Records excerpted from a collection
-- Opening Marker --
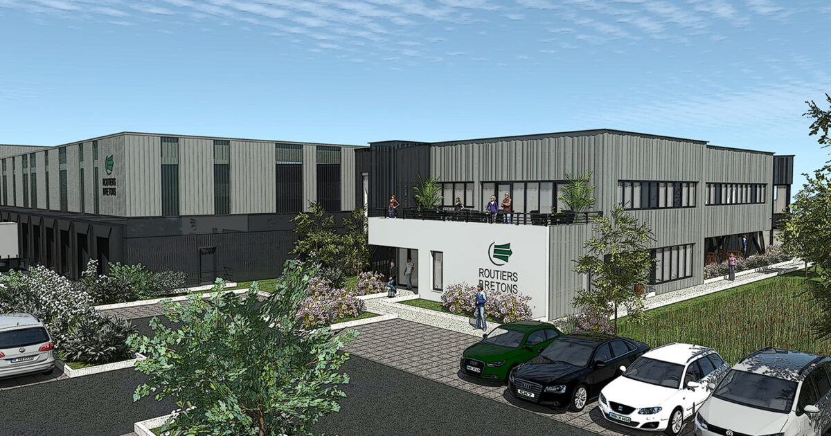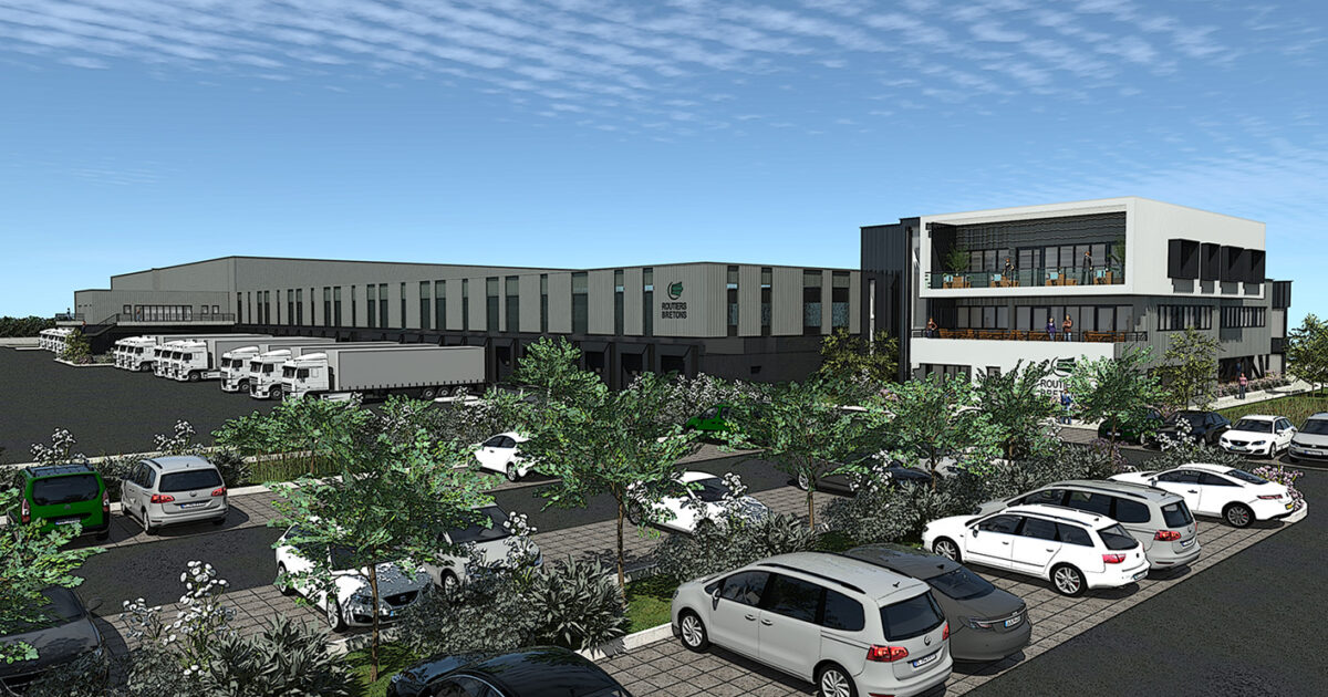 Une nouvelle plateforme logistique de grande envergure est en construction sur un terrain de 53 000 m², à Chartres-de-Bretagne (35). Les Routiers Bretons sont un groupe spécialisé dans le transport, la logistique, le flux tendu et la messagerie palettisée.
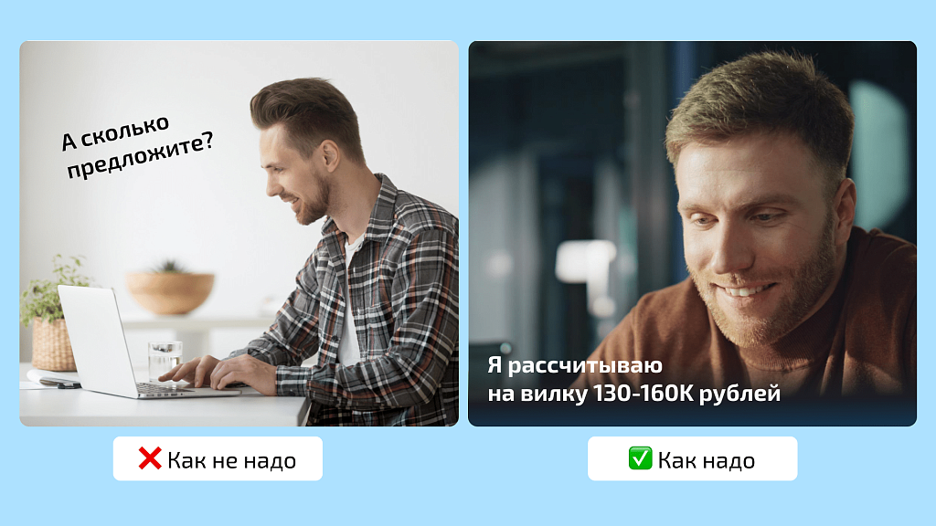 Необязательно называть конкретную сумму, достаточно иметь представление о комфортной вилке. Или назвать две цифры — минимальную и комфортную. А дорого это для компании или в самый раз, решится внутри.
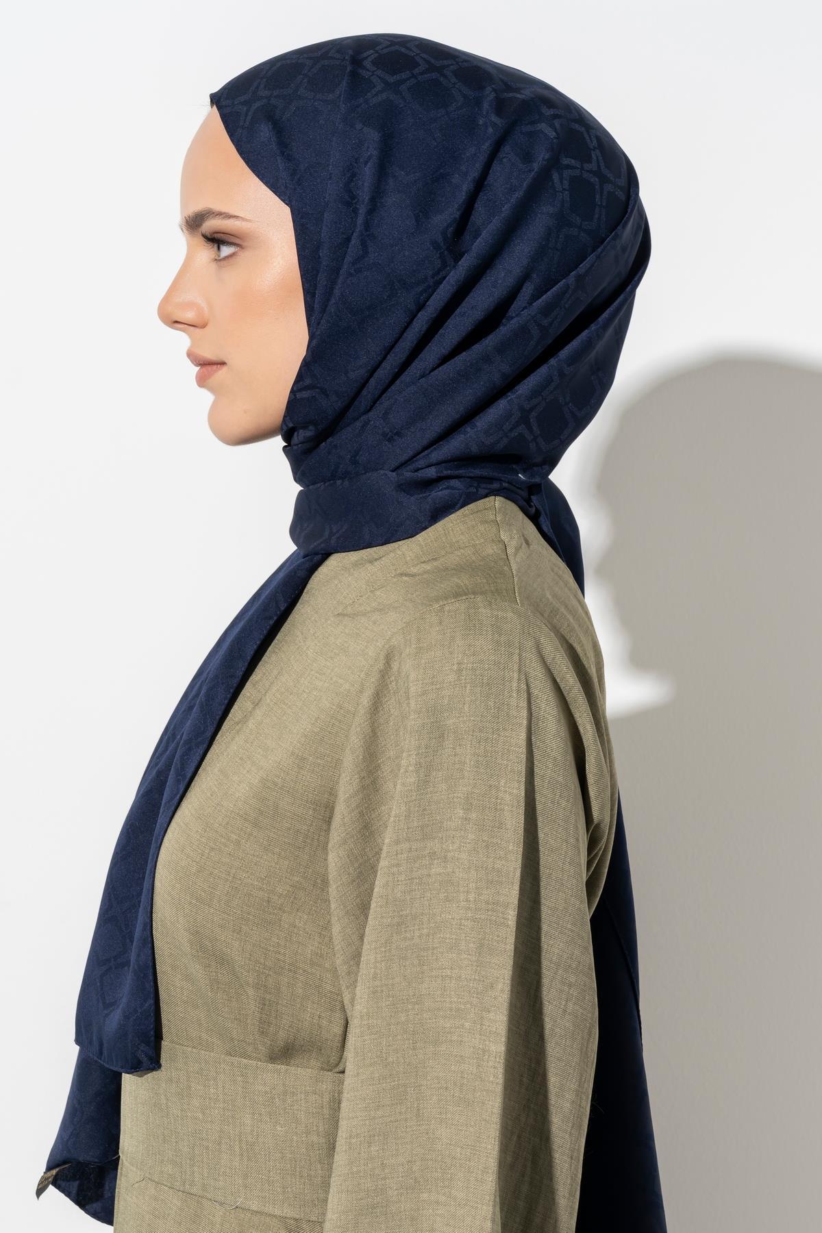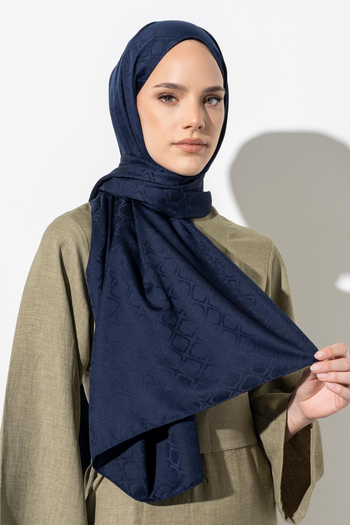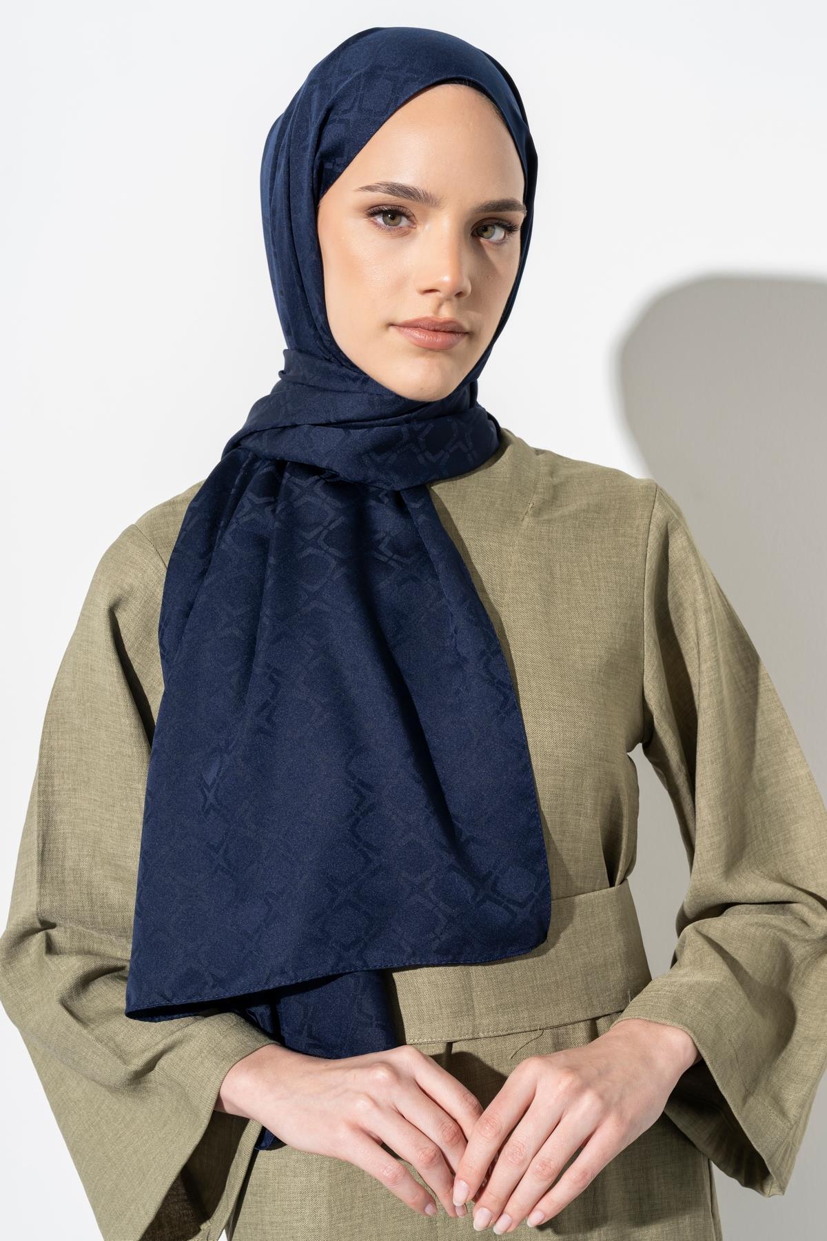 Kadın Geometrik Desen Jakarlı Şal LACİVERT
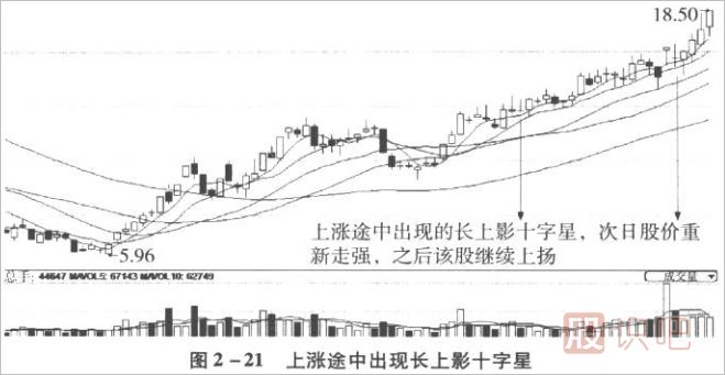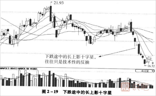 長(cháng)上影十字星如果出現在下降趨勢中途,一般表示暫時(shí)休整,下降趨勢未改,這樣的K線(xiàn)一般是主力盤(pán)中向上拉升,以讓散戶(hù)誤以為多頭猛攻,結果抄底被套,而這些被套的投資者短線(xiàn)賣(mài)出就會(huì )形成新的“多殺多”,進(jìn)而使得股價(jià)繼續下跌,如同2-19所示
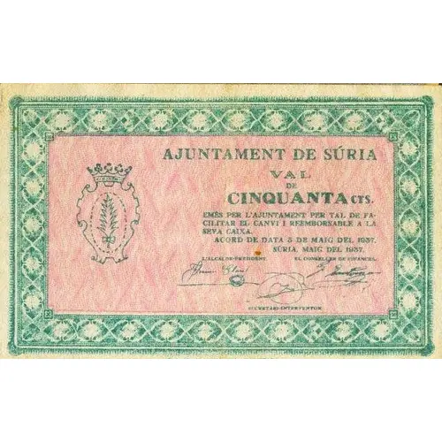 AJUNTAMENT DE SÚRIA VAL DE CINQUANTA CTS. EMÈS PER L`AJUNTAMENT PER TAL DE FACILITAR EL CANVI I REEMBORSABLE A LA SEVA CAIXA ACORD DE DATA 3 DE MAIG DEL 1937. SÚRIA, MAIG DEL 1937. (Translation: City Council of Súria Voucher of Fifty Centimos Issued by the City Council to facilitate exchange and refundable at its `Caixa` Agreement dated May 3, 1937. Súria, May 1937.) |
-- Closing Marker --
#### What the task requires
Reproduce, exactly and only, the lines of the records above starting at the line with "Kadın Geometrik Desen Jakarlı Şal LACİVERT" and ending at the line with "長(cháng)上影十字星如", both included. Leave every picture out.

#### Written answer
 Kadın Geometrik Desen Jakarlı Şal LACİVERT
 長(cháng)上影十字星如果出現在下降趨勢中途,一般表示暫時(shí)休整,下降趨勢未改,這樣的K線(xiàn)一般是主力盤(pán)中向上拉升,以讓散戶(hù)誤以為多頭猛攻,結果抄底被套,而這些被套的投資者短線(xiàn)賣(mài)出就會(huì )形成新的“多殺多”,進(jìn)而使得股價(jià)繼續下跌,如同2-19所示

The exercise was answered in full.